On 1/7/15 2:48 PM, Kent James wrote:

> I'm curious why you are singling out Gerv here, when Ben's comment "as
> an atheist" could certainly be interpreted as "all other religions are
> false". Doesn't belief in no God mean that you believe that those who
> believe in God have false beliefs?

The difference is that:

1) Ben didn't syndicate a post to planet dedicated to his atheism and
telling everyone how great it is (nor has he done this over and over for
years) on Planet.

2) Ben didn't comment on the religions of other folks at all (outside of
the immediate scope of discussing Gerv's post). There is a difference
between a self-identification, "I am an atheist," and acting as a
proponent, "I am an atheist and your views are all wrong, let me tell
you about my atheism and how wrong you are."

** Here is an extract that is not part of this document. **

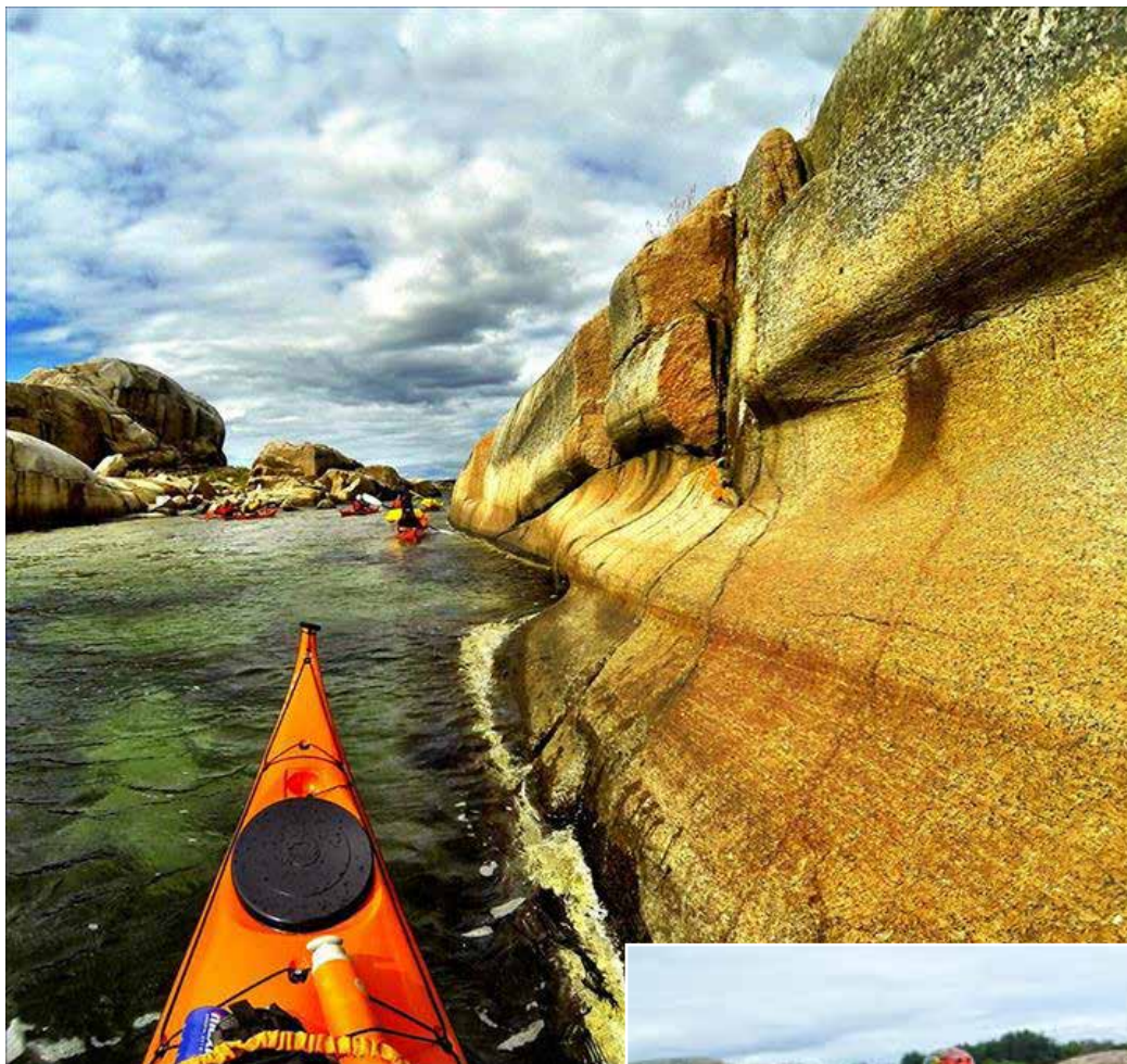
Aktivitetslederkurs ved Verdens Ende

No one condemns Gerv or others simply for identifying with their faith
(I hope). People have all kinds of beliefs and others have all kinds of
opinions about them.

So, sure, by saying you have a particular viewpoint, some folks could
construe it as condemning other viewpoints but, without explicitly
saying that, it is simply "This is my thing (and I'm not talking about
whatever your thing might be)." The latter is the polite view in a
pluralistic society or group where people have viewpoints that are
fundamentally in conflict yet still need to work together and get along
day to day.

I, for one, do not care one bit whether or not Gerv or anyone else is
Christian, Muslim, an Atheist, or whatever. It is a pluralistic society
and I'm quite happy about that. I would rather not to have a religious
discussion in the context of my *work* and with people that I am
required to work with.

This goes for divisive politics as well. I don't care if you're a
Republican or a Socialist (or whatever) but within a work context,
unless we are close friends discussing things, I'd rather not hear about
your political beliefs and have you trying to convince me to join your
political party or vote a certain way. That's what I do with friends
over drinks after work hours.

Clearly, there are fuzzy lines around a lot of this because Mozilla as a
project has views that some would consider inherently political. As far
as I know, we don't have any that are religious. Also, there is some
kind of spectrum being someone saying "I am a Democrat" and trying to
convince you to sign a proposition form for the state government for a
cause. This goes to religion as well.

> My point is not to criticize Ben, but to point out that limits on
> stating what you believe are always very subject to the biases of those
> doing the censoring.

Except no one is censoring. People can post whatever they want on their
blogs. The changes requested are for people to not send everything they
post to Planet by default and, basically, not to send divisive things.
The question is of what it is appropriate to send to your fellow project
members and coworkers in a feed that many follow because of their jobs.
People have asked Gerv to stop for years. He doesn't and we have a
variation of this conversation in places at least annually. People
(including me) have gotten annoyed about it because it is perceived as
being extremely rude and uncivil to fellow project members. I'm actually
resigned to the idea that Gerv is never going to stop doing it because
he's not stupid (at all) and is not unaware that it pisses folks off but
(I assume) feels that it is necessary to do anyway.

> TL;DR Why can't we agree to disagree on topics and page down instead of
> censoring individual views of Mozillians."

Because I open my planet feed and see someone evangelizing their
religion to me. I'm not interested but I need to read the feed in order
to keep up with the overall Mozilla community.